How does this impact performance you may wonder? It affects the number of TDS buffers that are sent across the network to SQL Server, and it also impacts the overall processing time for the commands.

Using the exact same data set for the two data tables, and leveraging the RetrieveStatistics method on the SqlConnection object allows us to get the ExecutionTime and BuffersSent statistics metrics for the calls to the same SELECT command, and just using the two different DataTable definitions as parameters and calling the SqlConnection object’s ResetStatistics method allows the execution stats to be cleared between tests.  

The GetSchemaTable definition specifies the MaxLength for each of the string columns correctly where GetTable just adds columns of type string that have a MaxLength value set to -1 resulting in 100 additional TDS buffers being sent for 861 rows of data in the table and a runtime of 158 milliseconds compared to only 250 buffers being sent for the strongly-typed DataTable definition and a run time of 111 milliseconds.
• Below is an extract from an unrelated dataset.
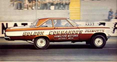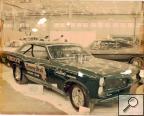 Notes: Delorean received one of the four 427 SOHC-powered factory A/FXers produced in 1965. The others went to Nicholson, Beswick and Proffitt. Aditional cars were built and furnished with the tried-and-true 427 Hi-Riser mill, with some of these converting to Cammer power later in the season. Reported to have run Hilborn-injected on fuel later in the season, but this picture seems to show a carbureted racecar. - RT |

While this might not seem like much in the grand scheme of things, this is a single call, single execution, and the accumulated impact over time for many thousands or millions of such executions is where the benefits begin to add up and have a noticeable impact on workload performance and throughput.

Where this really can make a difference is in cloud implementations where you are paying for more than just compute and storage resources. In addition to having the fixed costs of hardware resources for Azure VM, SQL Database, or AWS EC2 or RDS, there is an added cost for network traffic to and from the cloud that is tacked on to the billing for each month. Reducing the buffers going across the wire will lower the TCO for the solution over time, and the code changes required to implement this savings are relatively simple.